WHAT YOU HAVE TO DO ▸
Go to the line containing "黒色 ベージュ ダディオダディ" in the material below. From there to the end, retype every line exactly and drop the pictures.

RECORDED INFORMATION ▸

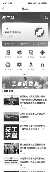 记者寿慧桢报道 “想旅游,景区门票优惠券抢起来;想买特产,对口帮扶礼包选起来;想看电影,折扣影院任意挑;想健身,专业场馆免费预约……工会的服务真香!”日前,浙江新绿传媒科技有限公司职工王超向记者展示了2024年以来在“爱安吉”APP中的“云工益”数智工会综合服务系统(以下称“‘云工益’应用平台”)上抢兑到的各类优惠券。
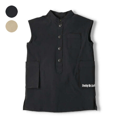高密度でハリがあり、丈夫で洗濯しても型崩れしにくい!ストレッチもきいているので、履き心地もストレスフリーなストレッチウェザー素材のノースリーブデザインのワンピース。タウンユースでもアウトドアでも使えるアイテム。立体感のあるポケットにはロゴの刺繍入り。【アイテム】トップス シンプル ガーリー フェミニン カジュアル お洒落 オシャレ かわいい 可愛い 普段着 デイリーウェア お出かけ着 お外着 お外遊び着 子ども こども 女児 女の子 ガールズ キッズ ベビーサイズ トドラーサイズ 幼稚園 保育園 小学校 通園 通学 小学生 2023年夏物新作 丸高衣料 ブラック 黒色 ベージュ ダディオダディ
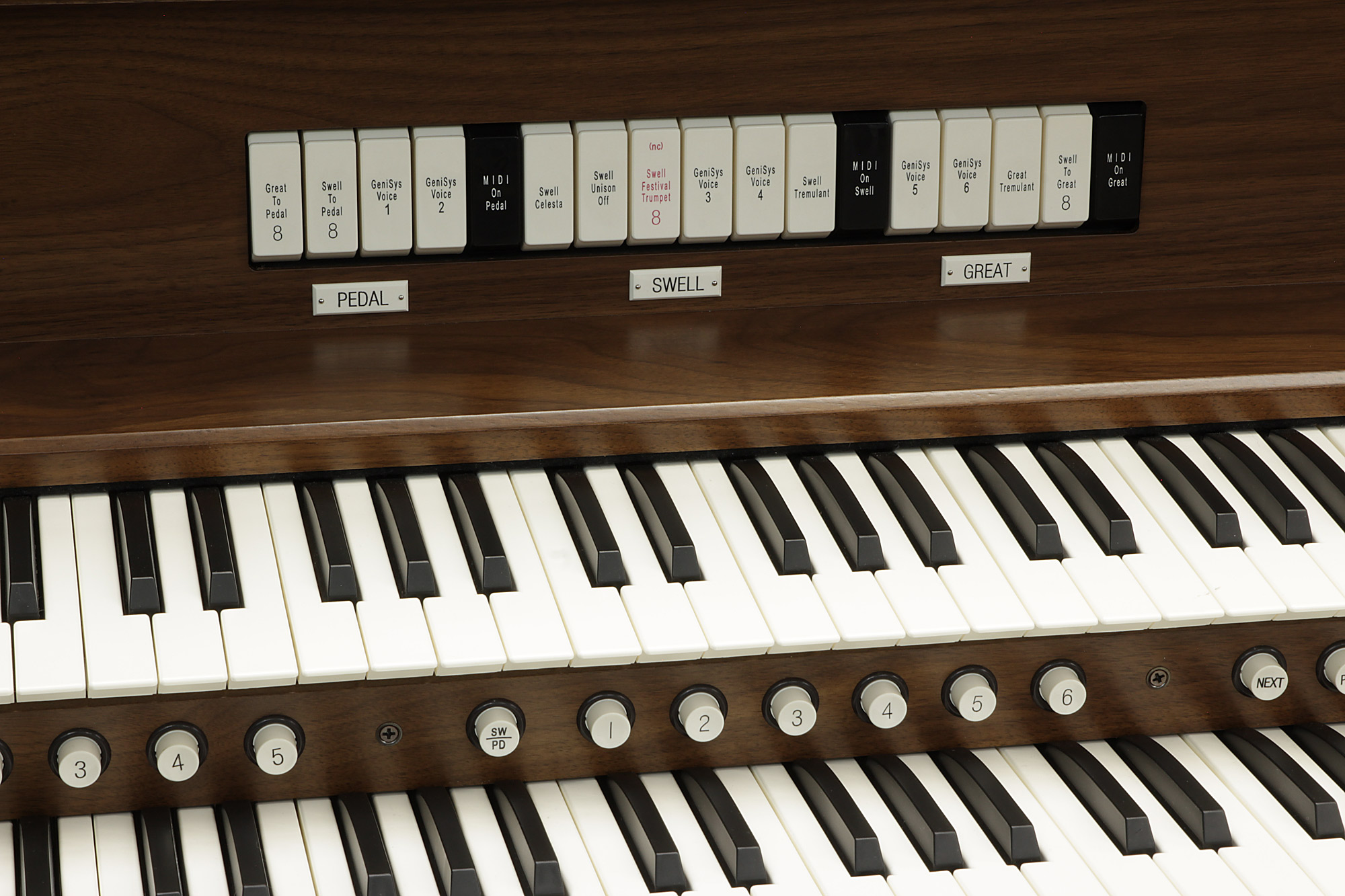 The standard keyboards supplied with Allen church organs allow Allen to provide instruments with Allen console features, quality, and sound at affordable prices.

FINISHED EXERCISE ▸
高密度でハリがあり、丈夫で洗濯しても型崩れしにくい!ストレッチもきいているので、履き心地もストレスフリーなストレッチウェザー素材のノースリーブデザインのワンピース。タウンユースでもアウトドアでも使えるアイテム。立体感のあるポケットにはロゴの刺繍入り。【アイテム】トップス シンプル ガーリー フェミニン カジュアル お洒落 オシャレ かわいい 可愛い 普段着 デイリーウェア お出かけ着 お外着 お外遊び着 子ども こども 女児 女の子 ガールズ キッズ ベビーサイズ トドラーサイズ 幼稚園 保育園 小学校 通園 通学 小学生 2023年夏物新作 丸高衣料 ブラック 黒色 ベージュ ダディオダディ
 The standard keyboards supplied with Allen church organs allow Allen to provide instruments with Allen console features, quality, and sound at affordable prices.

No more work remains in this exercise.